Testosterone buciclate (developmental code names 20 Aet-1, CDB-1781) is a synthetic, injected anabolic–androgenic steroid (AAS) which was never marketed. It was developed in collaboration by the Contraceptive Development Branch (CDB) of the National Institute of Child Health and Human Development (NICHD) and the World Health Organization (WHO) in the 1970s and early 1980s for use in androgen replacement therapy for male hypogonadism and as a potential male contraceptive. It was first described in 1986. The medication is an androgen ester – specifically, the C17β buciclate (4-butylcyclohexane-1-carboxylate) ester of testosterone – and is a prodrug of testosterone with a very long duration of action when used as a depot via intramuscular injection. Testosterone buciclate is formulated as a microcrystalline aqueous suspension with a defined particle size of at least 75% in the range of 10 to 50 μm.

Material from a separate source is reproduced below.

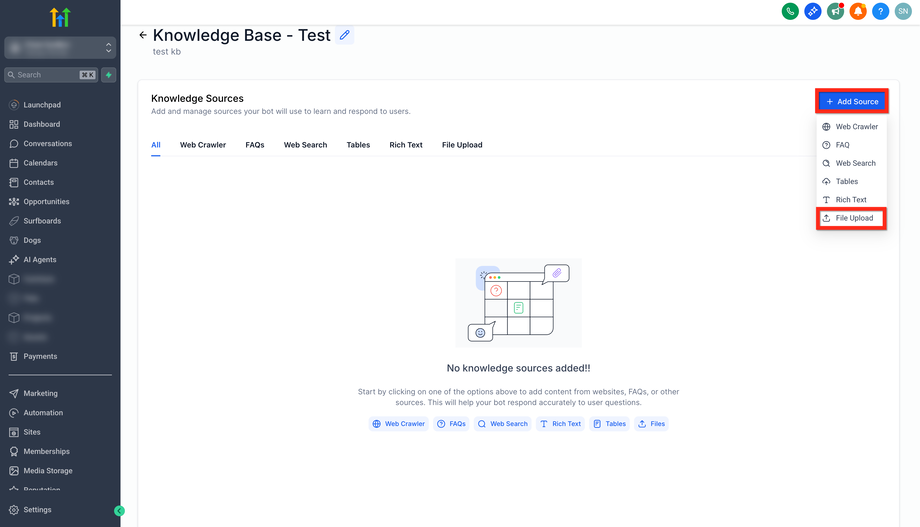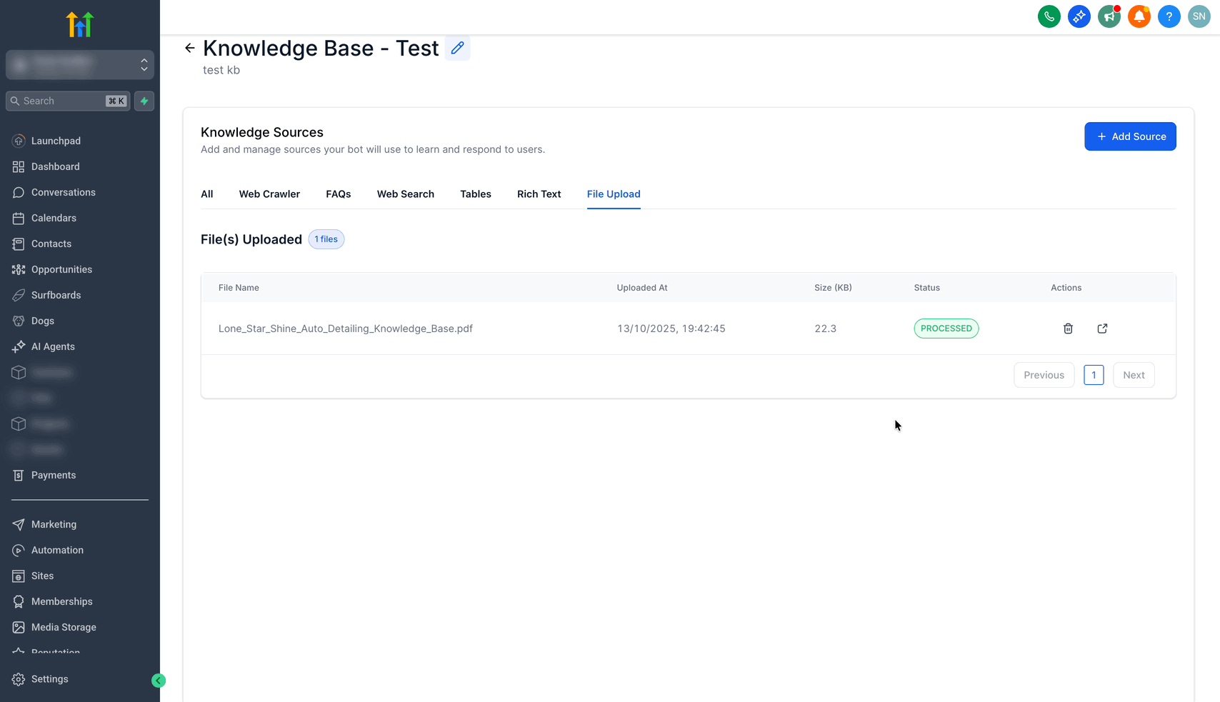A: Nein. Jeder Upload wird als neue Quelle hinzugefügt. Dateibasierte Quellen und Rich-Text-Einträge können parallel zu URLs und FAQs bestehen bleiben.
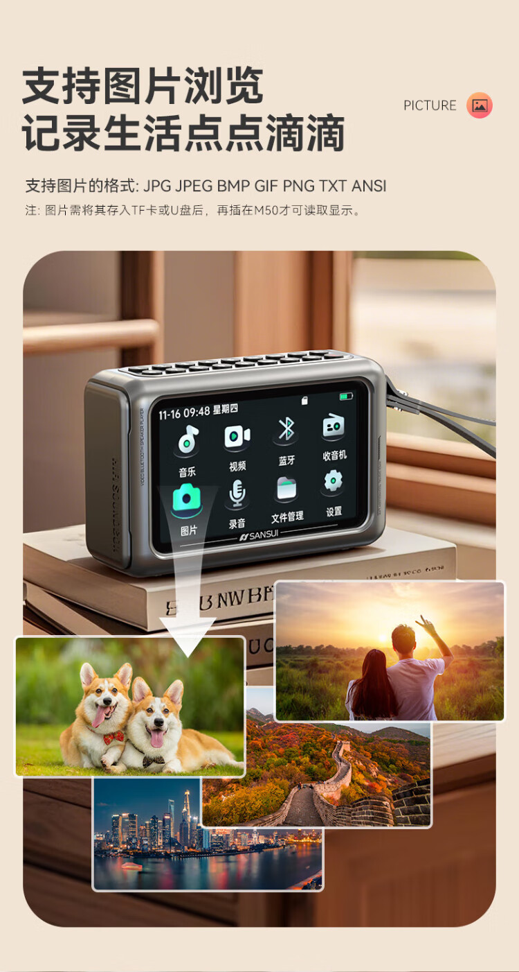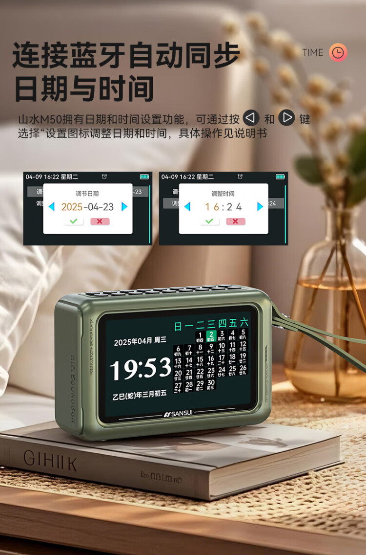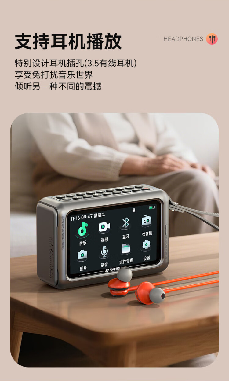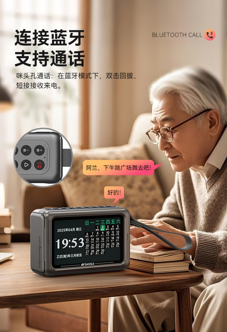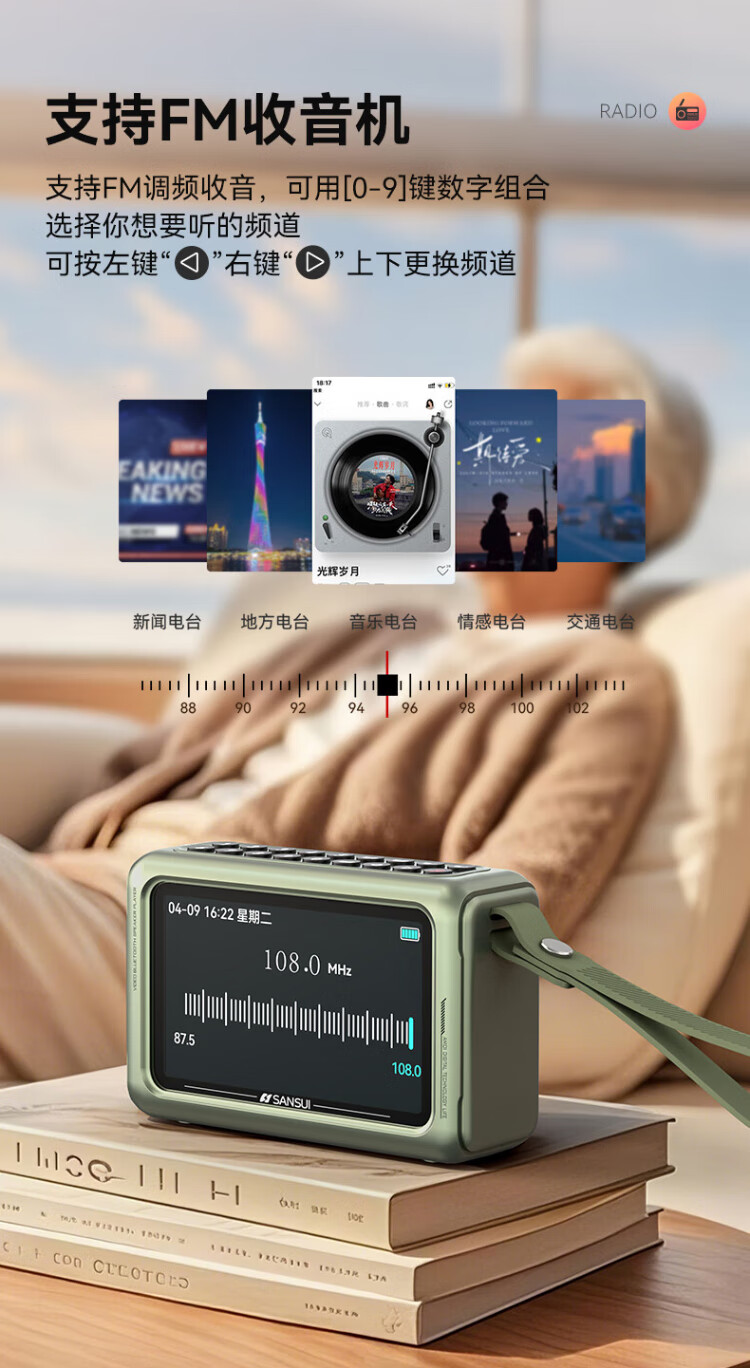 SANSUI M50 radio for the elderly, Walkman, Bluetooth speaker, opera player, portable mini multi-function player card, 2025 new radio and audio recorder for the elderly, green

A single intramuscular injection of testosterone buciclate has been found to produce physiological levels of testosterone within the normal range in hypogonadal men for 3 to 4 months. The elimination half-life and mean residence time (average amount of time a single molecule of drug stays in the body) of testosterone buciclate were found to be 29.5 days and 60.0 days, respectively, whereas those of testosterone enanthate in castor oil were only 4.5 days and 8.5 days. Testosterone buciclate also lasts longer than testosterone undecanoate, which has elimination half-lives and mean residence times of 20.9 days and 34.9 days in tea seed oil and 33.9 days and 36.0 days in castor oil, respectively. In addition, there is a spike in testosterone levels with testosterone enanthate and testosterone undecanoate that is not seen with testosterone buciclate, with which levels stay highly uniform and decrease very gradually and progressively. Testosterone buciclate can maintain testosterone levels in the normal male range for up to 20 weeks with a single intramuscular injection.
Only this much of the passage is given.